See more at the announce forum.
GC talk came up again and I got thinking a little bit about pointer barriers in the compiler. I don't think it is helpful to think of them as new types per se, but rather as something akin to range checks in slices - a facility in the normal type that adds safety and capability, but can be bypassed both locally and globally if necessary for special cases.
You still have the same pointers D has today. The only difference to the language itself is adding a way to bypass the GC write barrier, probably some kind of core.memory.__raw(T) which would look something like struct __raw(T) { T ptr; alias ptr this; auto opAssign(T rhs) { /* compiler magic to bypass the bounds check */ } }. Note the alias this - if you did actually have one of these, it'd implicitly convert right back to the normal pointer. On the other hand, bypassing the check is always an explicit act at construction time. Its only real job is to indicate that you want to bypass the normal check here, you might even use it similarly to slice.ptr[0] to locally bypass a bounds check. Important to realize that you never have to actually use this; it is strictly an optional performance enhancement for special cases, just like how you can bypass a bounds check.
In the compiler, again analogous to bounds checking, you can add -barrier=[none|writes] as a command line switch to control it globally.
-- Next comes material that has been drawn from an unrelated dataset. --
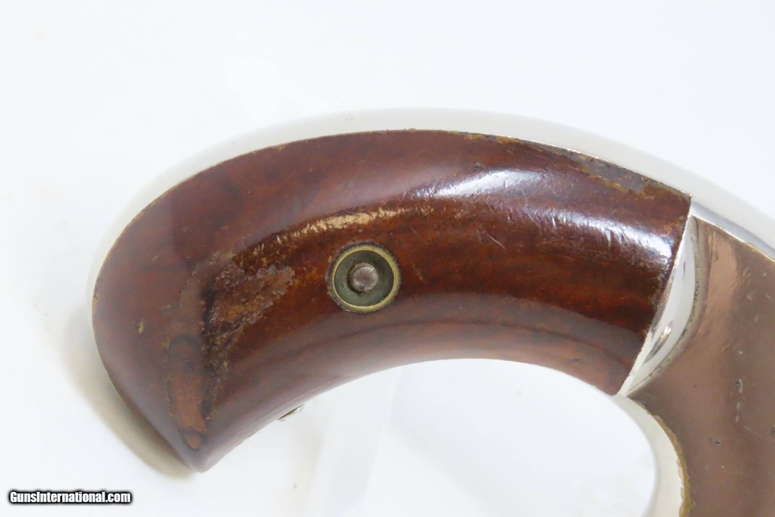 Description: SCARCE Antique MARLIN FIREARMS No. 32 Standard 1875 Spur Trigger REVOLVER WILD WEST Self Defense Concealed Carry! Here we present an antique Marlin No. .32 Standard 1875 Spur Trigger Pocket Revolver, made circa 1880 in New Haven, Connecticut with a production run from 1875 through 1887. This variant features a round-ribbed barrel and short cylinder flutes with only about 19,500 of these revolvers produced. The revolver bears much resemblance to Smith & Wesson’s pioneer top-hinge cartridge revolvers. During a time when many, if not most people carried a firearm, these affordable little revolvers were small enough to conceal and carry, yet provide some level of protection or peace of mind, even when the town did not allow firearms within its limits. The overall condition is very fine. Original nickel finish. The action is excellent. The bore is clean with sharp rifling. The grips are in fine shape. Own the original! This is a legitimate antique and not a reproduction. Barrel is 3 inches. Caliber: .32 Rimfire Overall condition as seen in photos. Very Fast. Very Safe. FREE SHIPPING WORLDWIDE. Delivered directly to your door by express mail! Guaranteed AUTHENTIC & Includes CERTIFICATE OF AUTHENTICITY. ancestryguns $1200 #220405 SOLD Antique: Yes |

Certain GC implementations would not be available if the barriers are not compiled in.
The barrier itself would be delegated to a druntime function or a llvm intrinsic, or whatever is appropriate for the compiler and garbage collector. (This can make swapping out collectors at runtime an additional performance hit, since that'd imply the barrier is also a function pointer, but all these are reasonable decisions to look at.) The function would most likely look like core.memory.__ptr_write(void** where, void* what) so give the implementation maximum flexibility. With intrinsics and inlining, when the barriers are turned off, this would surely reduce to mov [where], what; anyway.
A few things to note:
The compiler frontend doesn't even need to do anything special for this case either btw, since the backend can detect these self-modify cases and elide the check.
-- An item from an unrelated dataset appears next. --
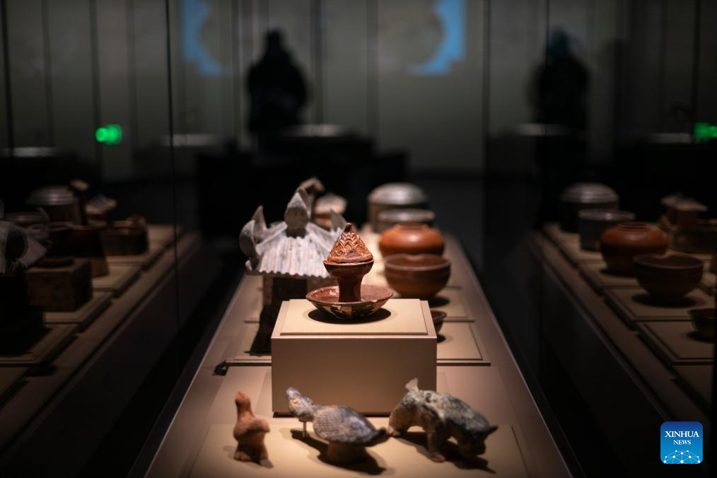 This photo taken on Dec. 31, 2024 shows pottery items on display at the exhibition "A Panorama of Hubei" in Wuhan, central China's Hubei Province. The exhibition opened here on Tuesday, showcasing the history and culture of Hubei in both ancient and modern times. (Xinhua/Wu Zhizun)

I expect this would mean a great many D functions don't generate the barrier at all, even when it is enabled.... unless I'm missing something important. The barriers happen when you reassign pointers to another block.
char* a; a = x; // this gets a barrier *a = x; // this does not
It is only the mutation of the pointer value that matters. The GC doesn't care about the value of a random char, only about which memory blocks are referenced and unreferenced.
EDIT
I posted this but didn't explain some of the practical benefits of these different GC impls! So here's some very brief things:
Right now, the GC mark phase stops all threads so it doesn't get into race conditions, when it marks one thing then it changes while the GC is working elsewhere. With the write barriers, you can avoid stopping a thread until it tries to actually write a pointer value
So say you have an audio thread that is consuming GC resources but only writing to an existing ushort[] buffer... its activities will never invalidates the GC's work-in-progress so it can just keep going. This would just work without explicit user work, no need to unregister it.
Another work thread may be processing some data then will send the buffer to a function. This one MIGHT be able to keep running through the whole thing, depending on if the borrowed pointer thing actually worked, but a simpler and likely less buggy implementation will probably left it finish processing the data then only actually stop when it copies the buffer pointer to the function, which would trigger the write barrier. And by then, the GC might be almost done, meaning the actual time stopped is much smaller than the current implementation.
DONE WITH EDIT
Additional reading: http://www.infognition.com/blog/2014/the_real_problem_with_gc_in_d.html is an article from 2014 about how generational GCs can provide a major win and absolutely require write barriers to implement. I'd note that generational GCs are often also copying, since this lets them reduce memory fragmentation when promoting items to older generations, thus reducing wasted memory. But it isn't strictly necessary; you can still free the unreferenced ones and then promote the whole area to older generation, allocating a new pool for new young objects. Not ideal but definitely doable.
Also, a post about the GC implementation in particular 4 years ago: https://web.archive.org/web/20180622071748/https://olshansky.me//gc/runtime/dlang/2017/06/14/inside-d-gc.html I don't know how much of that has changed since then.
I actually find today's GC perfectly good enough, but improvements are generally good anyway and I think the write barriers would be a net again without being particularly invasive in user code.
Next week, I'll talk about how to optimize your objects to reduce GC pauses in today's D with a general understanding the NO_SCAN flag. In short, arrays without pointers are not scanned at all and you can use this to your advantage. I'll also touch upon strategic deferrals of collections when you know you are in a pure allocation loop.
I sketch out some thoughts on how D could easily and efficiently add write barriers to enable more GC strategies without affecting other code, analogizing them to bounds checks.